The Pentium 4 has some units that run at double clock ("Simple ALUs," apparently), but other things can still take more than one tick to execute, and thus 'drain' the pipeline, negating some of the benefit. Intel's been trying a different take than other manufacturers, going for a sort of 'waterslide' approach (I think their marketing buzzword is "Netburst," and the common description is 'long and skinny'), versus, say, having a couple sets of stairs ('short and wide'). Sounds great until some kid gets stuck halfway down. ;-)

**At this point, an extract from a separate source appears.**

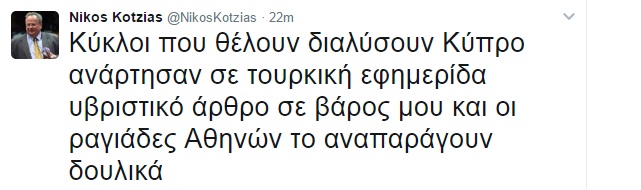 “Κύκλοι που θέλουν διαλύσουν [την] Κύπρο ανάρτησαν σε τουρκική εφημερίδα υβριστικό άρθρο σε βάρος μου και οι ραγιάδες [των] Αθηνών το αναπαράγουν δουλικά”.

The PPC970 seems like a bit of a compromise between extremes... When Motorola was pushing G3s and G4s, they were really 'wide' and 'short' versus the x86 lineup... so you get more instructions per clock, and more resistance to 'pipeline bubbles,' but you can also have a harder time clocking the unit up to competetive levels, since there are more units to keep in synch. In practice, it sort of evens out, and you get relatively comparable performance for the same number of transistors spent.. and processor lines 'tuned' better to one or another application. (G4 AltiVec is a big win for some things, and the rest of the chip has proved pretty decent for general-purpose computing; the P4's design has, in turn, proved pretty decent for stuff like video and audio work, where there's more math to crunch in between conditional branches, and AMD's managed to keep their stuff goodly fast all-around, usually with a price/performance advantage.)
*If you want to know the specific details of the chips, find the technical docs, or someone who actually wrote assembler for them... I just have the 'big picture' view of anyone who's spent a week reading Ars and the britnews sites.